5 Dec 2025
A new plan for a major wind farm and battery system in highly sensitive Scottish Borders countryside has deepened community fears about the unprecedented industrialisation of their landscape.
A planning application for the Mid Hill wind farm southwest of Hawick, including 13 turbines up to 200 metres tall and an energy storage facility, has been lodged with the Scottish Government’s Energy Consents Unit (ECU).
This latest submission adds to a relentless wave of wind farm projects across the Borders which many residents say is unfair and unsustainable.
The proposal lies within the safeguarding zone for the UK’s seismic array monitoring station at Eskdalemuir, with turbines planned between 15 km and 17 km from the globally significant facility.
The station run by the Ministry of Defence and is the only one in the UK, part of a worldwide network used to detect nuclear tests carried out anywhere in the world and depends on an environment with minimal interference.

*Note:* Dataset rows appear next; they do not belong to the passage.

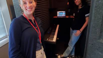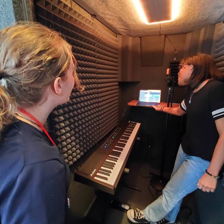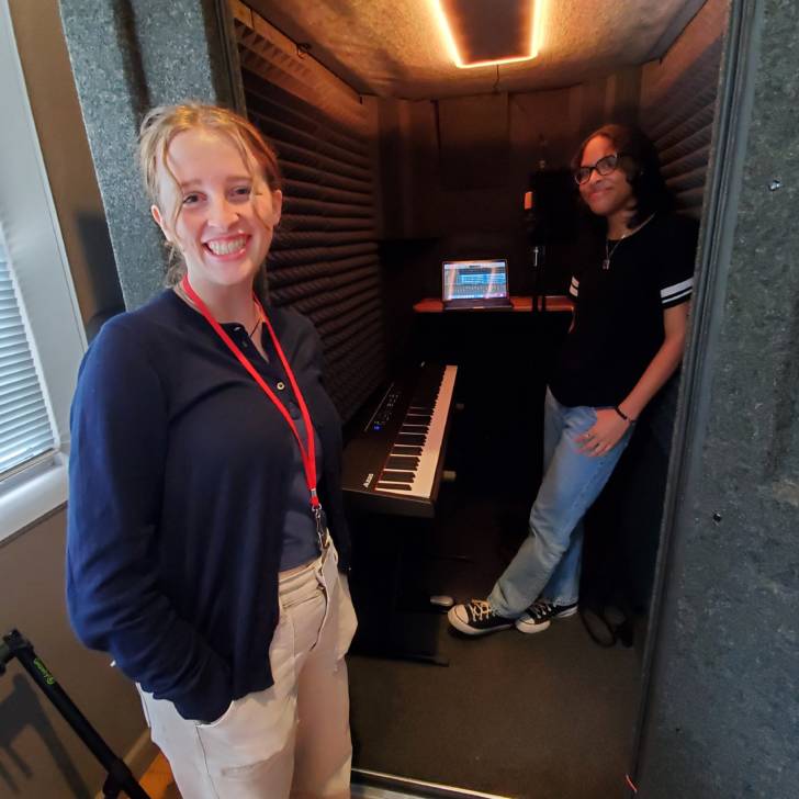 “Lindsay is very patient and helpful and gives a lot of insight into the songwriting process,” says Music student Xaire Romero. “Working with someone so young and knowledgeable about the music industry helps us realize doing it as a profession could be a reality. It’s nice to have a good role model who is close to our age.”
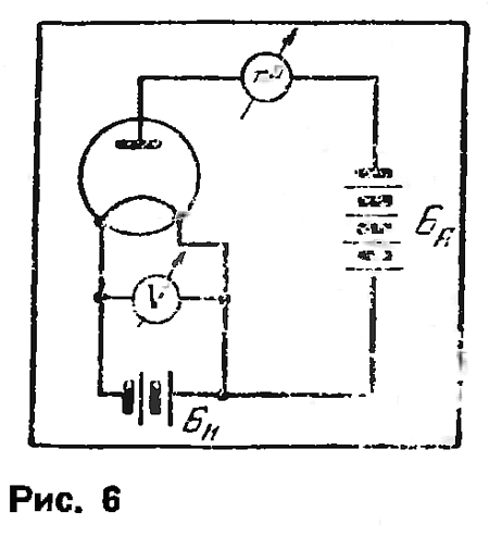 На рис. 6 приведено схематическое (упрощенное) изображение двухэлектродной лампы с присоединенными батареями и измерительными приборами в цепях накала и анода.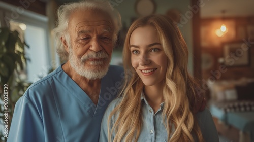 An elderly man and a young woman stand together, smiling warmly, depicting care and companionship in a cozy setting.

A 10 km exclusion zone and a 50 km safeguarding zone were established to prevent wind turbine development because the vibrations disrupt the collection of seismic data, restrictions which remain fully in force.
Following sustained lobbying from renewable energy developers, the UK and Scottish Governments convened the Eskdalemuir Working Group to re-examine the current limits and the group is now working to produce updated guidance on managing nearby wind farm development.
Sarah St Pierre from the Borthwickwater Landscape Conservation Group said: “This region has been inundated with large-scale wind farm plans. Now, to satisfy industry demands, we are being asked to sacrifice not only our landscape but a critical part of the international security network that monitors nuclear activity in states such as Iran, North Korea, China and Russia. For what? A handful of additional turbines in an area already overloaded with them.
“The Borders has done more than its fair share. The system is saturated, the national grid struggles with oversupply, and communities feel ignored. More turbines here simply are not necessary.”